Guardian Cycle by Julia Grey

Aug 06, 2011 02:29

I just finished the Guardian Cycle by Julia Grey, which is a series of about five books of medium length each. It's one of those series that I'm not entirely sure about. I think some parts of it were excellent, and some parts of it were awful, with very little in the middle, and even now I'm a bit unsure about which bit is which.

The series is very different from most because the lead character is a cripple, and he doesn't go around killing people. The whole plot rather tends to be driven by him talking to people and trying to convince them to do what he wants. If he fails, Very Bad Things happen and lots of people die. Equally, he tends not to be a decisive character, and never knows what to do or even why he's doing things at any moment. The approach is quite refreshing, but it does tend to be also really frustrating. The book also seems to be extremely character driven too, to the point that world building gets badly neglected. Although any location is well described, I had a complete lack of sense of place, and this did a lot to ruin parts of the books for me.
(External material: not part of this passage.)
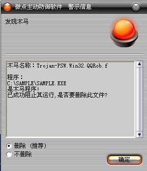 如果您已经将微点主动防御软件升级到最新版本,微点将报警提示您发现木马"Trojan-PSW.Win32.QQRob.f”,请直接选择删除(如图2)。

The magic system is also really confusing for me, because there doesn't seem to be one. In fact, the whole books have the feel of a no-magic fantasy land. The set-up actually starts with a very scientific astronomy system based around four moons, which is again interesting and refreshing. But then magic does crop up and it's never really described or made to make sense. It mostly tends to be about belief magic (believe something hard enough and it will come true), but then there's also psy gifts, weird water magic and one character can control the weather. The whole thing did tend to give a feeling of Deus Ex Machina to parts of the plot that magic gets involved in and I never knew when magic would come in and Make Everything Better.

I do have the strange feeling that someone who is not me, and has a different set of priorities in reading, would love this fantasy series. However, it utterly failed to do it for me.